Crispy Soya Cutlets Recipe : Looking for a nutritious and tasty snack? These Soya Cutlets are packed with protein, fiber, and essential nutrients, making them a perfect guilt-free treat. Whether you’re a vegetarian or just want a healthier alternative to fried snacks, this recipe is a must-try!
Ingredients
1 cup soya chunks (soaked & minced)
-
2 medium boiled potatoes (mashed)
-
1 finely chopped onion
-
1 finely chopped green chili (adjust to taste)
-
1 tbsp ginger-garlic paste
-
2 tbsp finely chopped coriander leaves
-
2-4 tbsp breadcrumbs (for binding & coating)
-
1 tbsp rice flour or cornflour (optional, for crispiness)
-
1 tsp red chili powder
-
¼ tsp turmeric powder
-
½ tsp garam masala
-
1 tsp coriander powder
-
Salt to taste
-
Oil for shallow or deep frying
Step-by-Step Instructions
Step 1: Prepare the Soya Chunks
-
Soak soya chunks in hot water for 10-15 minutes until soft.
-
Squeeze out excess water and grind coarsely in a mixer.
Step 2: Mix the Ingredients
-
In a bowl, combine minced soya, mashed potatoes, onion, green chili, ginger-garlic paste, and coriander leaves.
-
Add red chili powder, turmeric, garam masala, coriander powder, and salt.

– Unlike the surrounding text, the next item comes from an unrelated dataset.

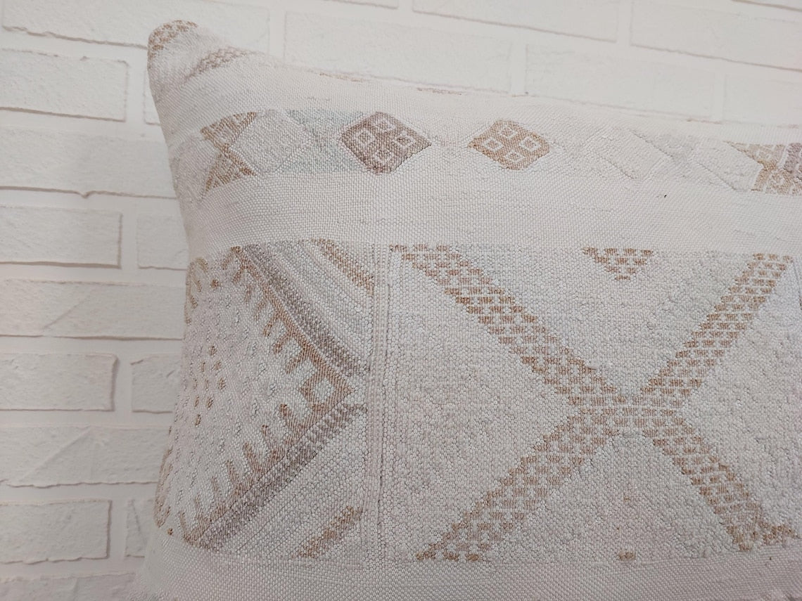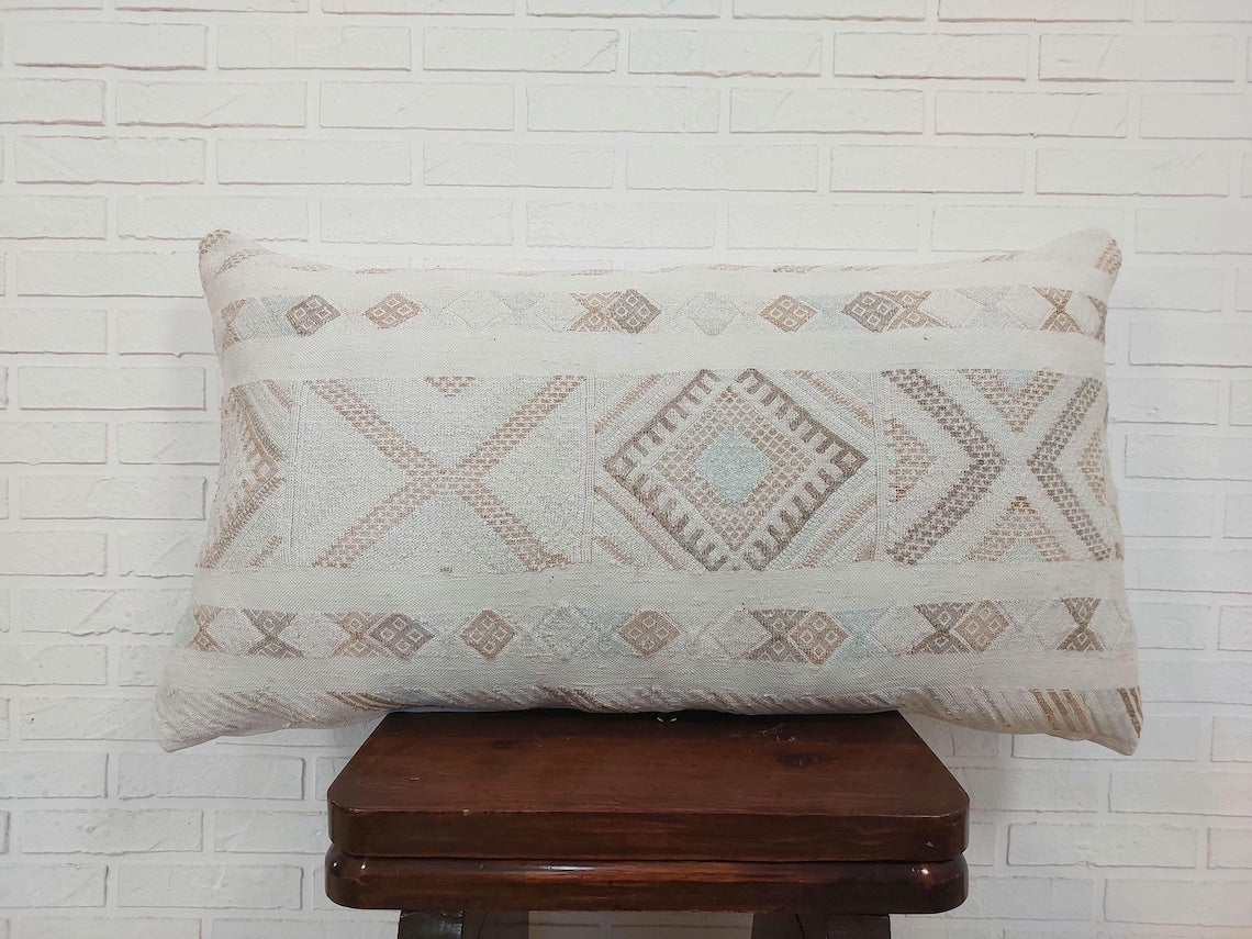 Handmade Moroccan Lumbar Cactus Silk Pillow Cover - Decorative Sabra Cushion for Home Decor (19x35in)

Mix well.
Step 3: Adjust Consistency
-
If the mixture is too wet, add breadcrumbs or rice flour to thicken it.
-
Shape into small, flat cutlets and coat with breadcrumbs for extra crispiness.

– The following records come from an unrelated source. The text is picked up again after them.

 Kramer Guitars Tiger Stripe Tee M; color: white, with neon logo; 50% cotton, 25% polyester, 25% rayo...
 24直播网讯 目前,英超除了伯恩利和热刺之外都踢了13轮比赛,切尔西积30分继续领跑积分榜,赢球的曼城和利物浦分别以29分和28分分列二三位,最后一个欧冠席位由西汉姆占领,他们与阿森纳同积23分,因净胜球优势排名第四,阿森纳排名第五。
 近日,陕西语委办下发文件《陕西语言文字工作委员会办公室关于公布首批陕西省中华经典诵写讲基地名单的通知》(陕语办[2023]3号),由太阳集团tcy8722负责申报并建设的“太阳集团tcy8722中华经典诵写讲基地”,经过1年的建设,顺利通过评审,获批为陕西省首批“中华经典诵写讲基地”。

Step 4: Fry to Golden Perfection
-
Heat oil in a pan on medium flame.
-
Shallow or deep fry the cutlets until golden brown and crispy (3-4 minutes per side).
-
Drain on a paper towel to remove excess oil.
Step 5: Serve Hot!
-
Enjoy with green chutney, tomato ketchup, or mint yogurt dip.
-
Perfect as a tea-time snack, appetizer, or lunchbox addition.
Why You’ll Love This Recipe
High in Protein – Great for muscle building and weight management.
Crispy Outside, Soft Inside – The perfect texture combo.
Kid-Friendly – A sneaky way to add nutrition to meals.
Meal-Prep Friendly – Stays fresh for 2-3 days in the fridge.
Pro Tips for Best Results
Double-coat with breadcrumbs for extra crunch.
Air-fry option – Spray oil and cook at 180°C for 12-15 minutes.
Add grated veggies (carrots, beans) for more nutrition.